---- ENTRIES SUPPLIED

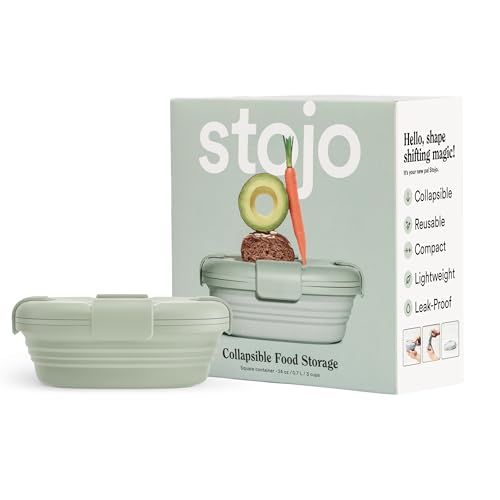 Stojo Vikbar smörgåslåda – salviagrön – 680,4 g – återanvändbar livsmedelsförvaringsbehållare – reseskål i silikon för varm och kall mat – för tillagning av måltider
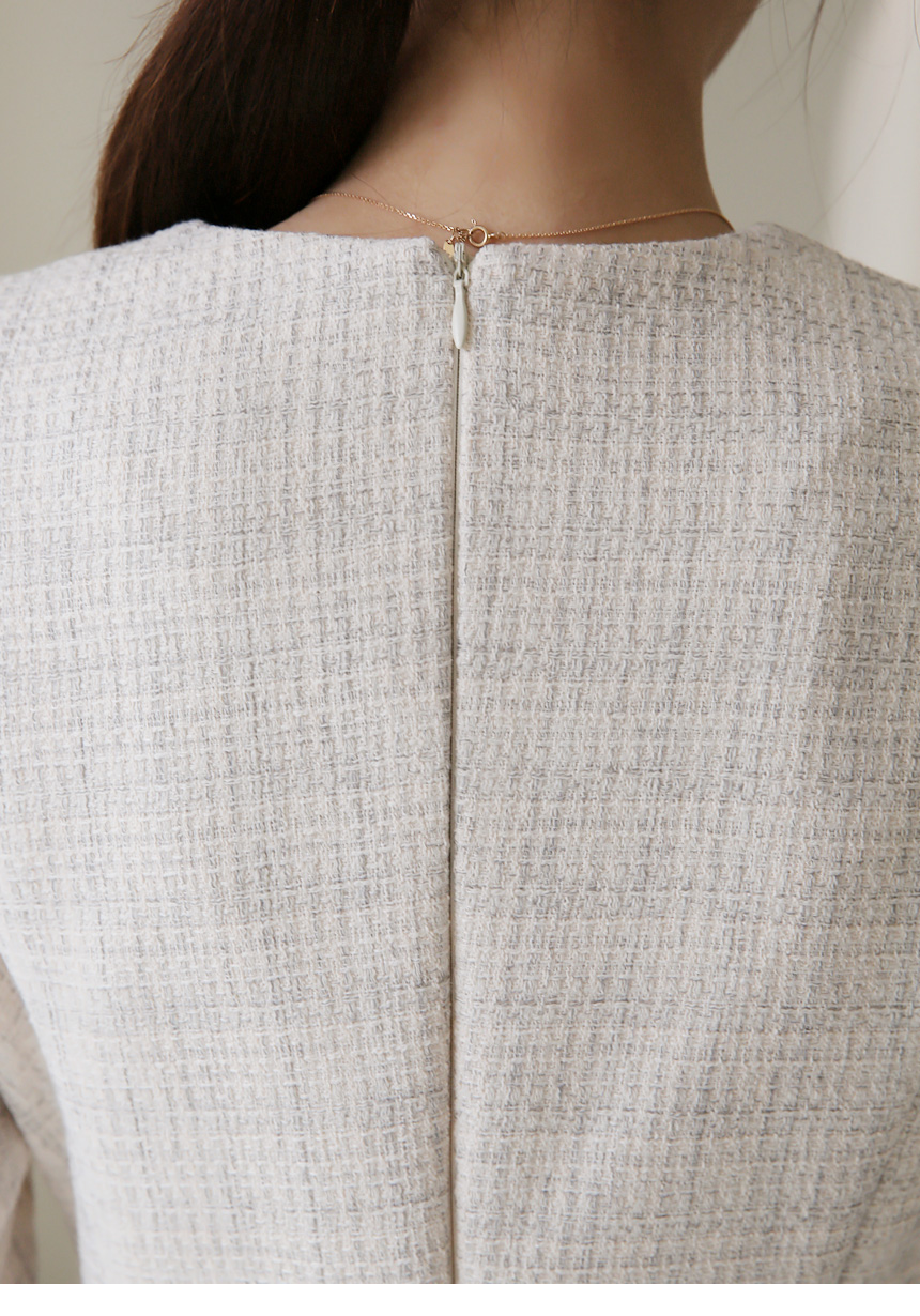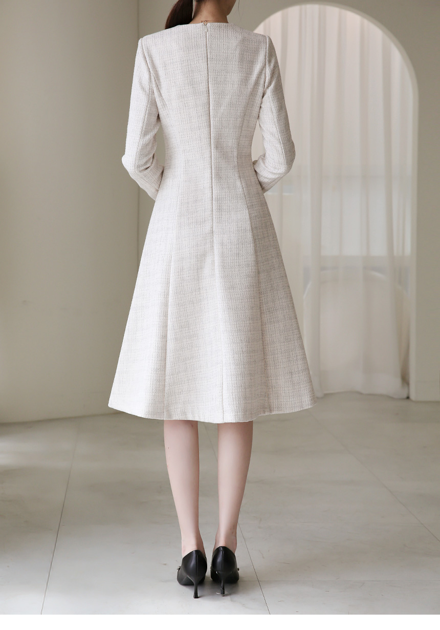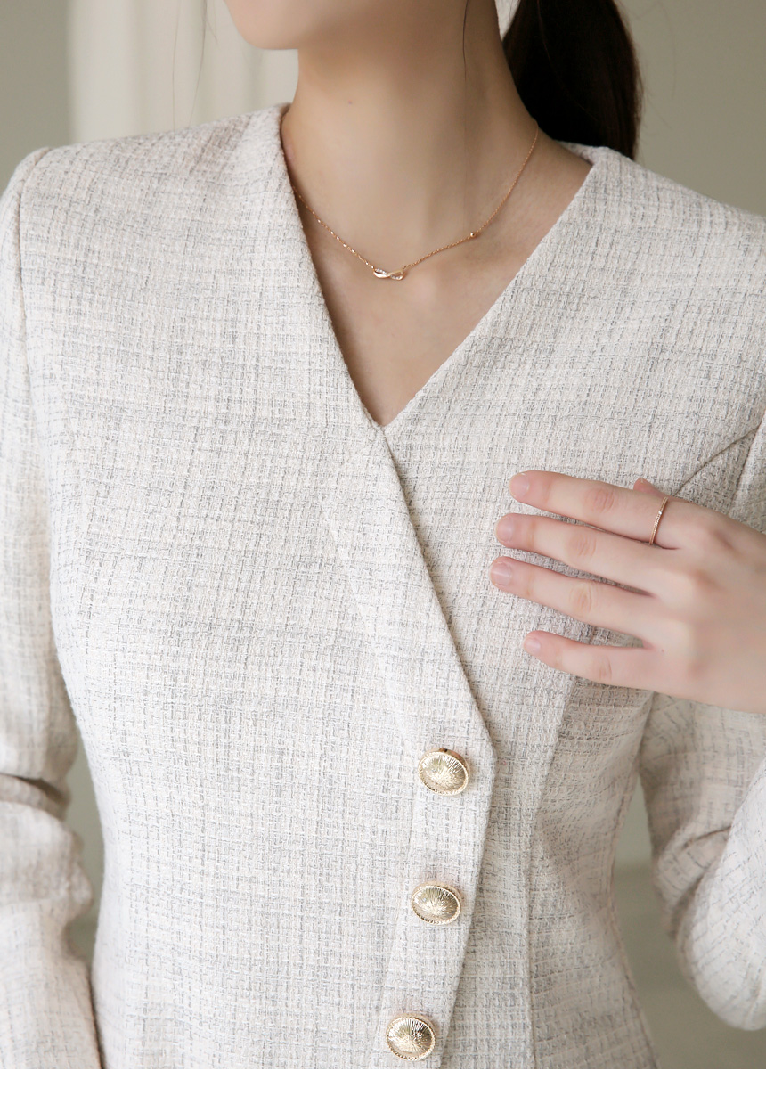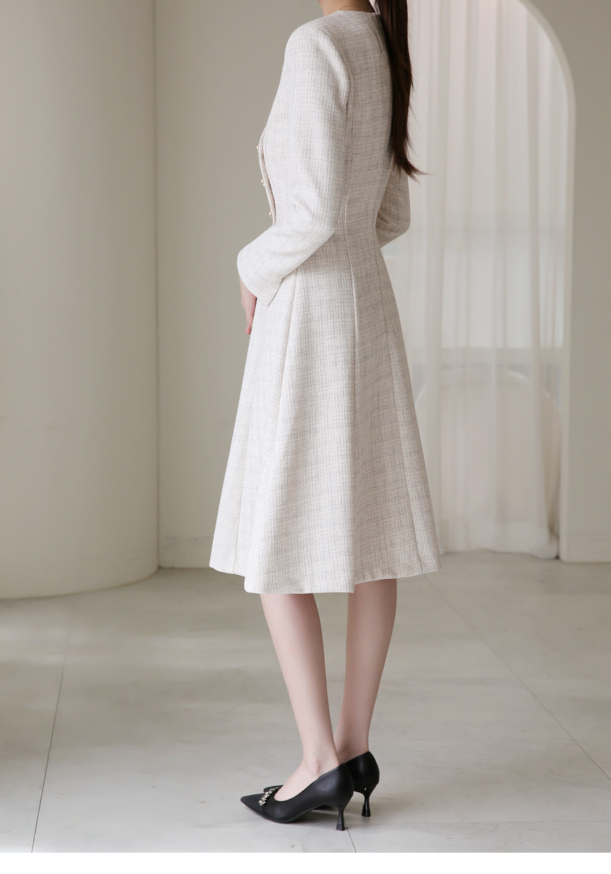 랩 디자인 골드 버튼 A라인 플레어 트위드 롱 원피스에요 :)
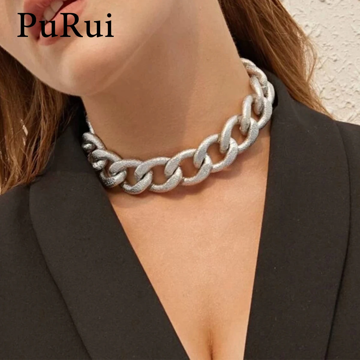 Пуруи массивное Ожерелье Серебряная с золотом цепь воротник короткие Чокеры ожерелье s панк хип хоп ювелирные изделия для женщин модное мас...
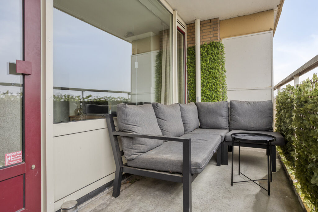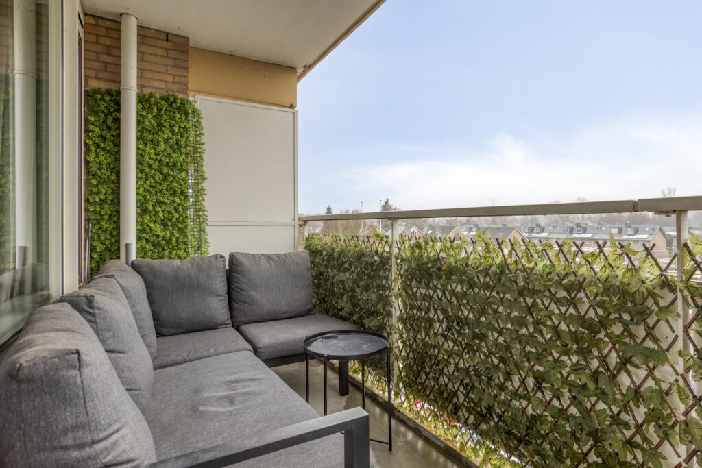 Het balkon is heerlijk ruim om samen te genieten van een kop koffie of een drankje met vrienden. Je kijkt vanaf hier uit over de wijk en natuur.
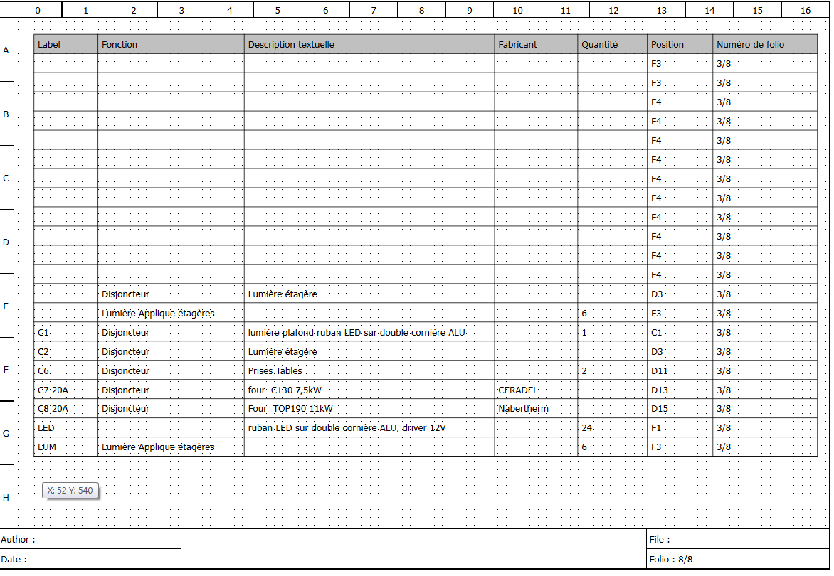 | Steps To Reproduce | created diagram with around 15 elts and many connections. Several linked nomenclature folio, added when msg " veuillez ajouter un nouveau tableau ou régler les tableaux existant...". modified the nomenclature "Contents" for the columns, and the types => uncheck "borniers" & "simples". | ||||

--------

• [ACTIVITY]: Give the listing again word for word, but drop every picture.

• [PROBLEM SOLUTION]:
 Stojo Vikbar smörgåslåda – salviagrön – 680,4 g – återanvändbar livsmedelsförvaringsbehållare – reseskål i silikon för varm och kall mat – för tillagning av måltider
 랩 디자인 골드 버튼 A라인 플레어 트위드 롱 원피스에요 :)
 Пуруи массивное Ожерелье Серебряная с золотом цепь воротник короткие Чокеры ожерелье s панк хип хоп ювелирные изделия для женщин модное мас...
 Het balkon is heerlijk ruim om samen te genieten van een kop koffie of een drankje met vrienden. Je kijkt vanaf hier uit over de wijk en natuur.
 | Steps To Reproduce | created diagram with around 15 elts and many connections. Several linked nomenclature folio, added when msg " veuillez ajouter un nouveau tableau ou régler les tableaux existant...". modified the nomenclature "Contents" for the columns, and the types => uncheck "borniers" & "simples". | ||||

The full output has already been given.